The catering kitchen repeats a large number of high - frequency operations every day - packing, sorting, handling, cooking, and transfer. These actions can naturally generate a large amount of diverse real - world data, which is difficult to generate solely through a simulation environment.
(Image source/Enterprise)
In terms of the specific implementation path, AtomBite.AI currently chooses to start with "food delivery packing and transfer". This is the link with the highest error rate, relatively high standardization, and the easiest to quantify the value in the entire fulfillment chain.
"The task scope of the packing link is clear, and the scenario is controllable. Our approach is based on commercial value. We first focus on improving the grasping accuracy to make it usable and reliable," Wang Dong said. "From a commercial perspective, merchants don't care whether your robot looks like a human or can dance. They care more about what kind of work you can actually do for them."

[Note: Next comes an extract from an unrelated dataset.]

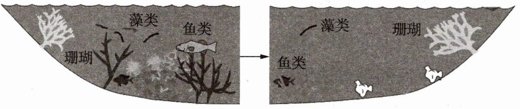 6. (多选题)下图表示某种化学物质泄漏,造成某海洋生态系统发生了变化,其中藻类等生物的种类和数量也有所变化。下列有关说法合理的是(

Currently, AtomBite's solution is to assign high - frequency, standardized actions to the lightweight small models on the edge side, such as packing set meals into boxes and sealing labels, to reduce latency and network dependence. The large cloud - based model is mainly used to handle abnormal situations, such as material shortages and foreign - object interference in complex scenarios, and to coordinate with the kitchen staff through the KDS system.
The packing - link model is expected to be deployed on a large scale in real merchant kitchens in 2026.
In the team's vision, in the future, the model's capabilities will start from the single - point packing link and continue to extend to more complex kitchen operations, including sorting, delivery transfer, cooking coordination, and even gradually enter a wider range of service - industry scenarios.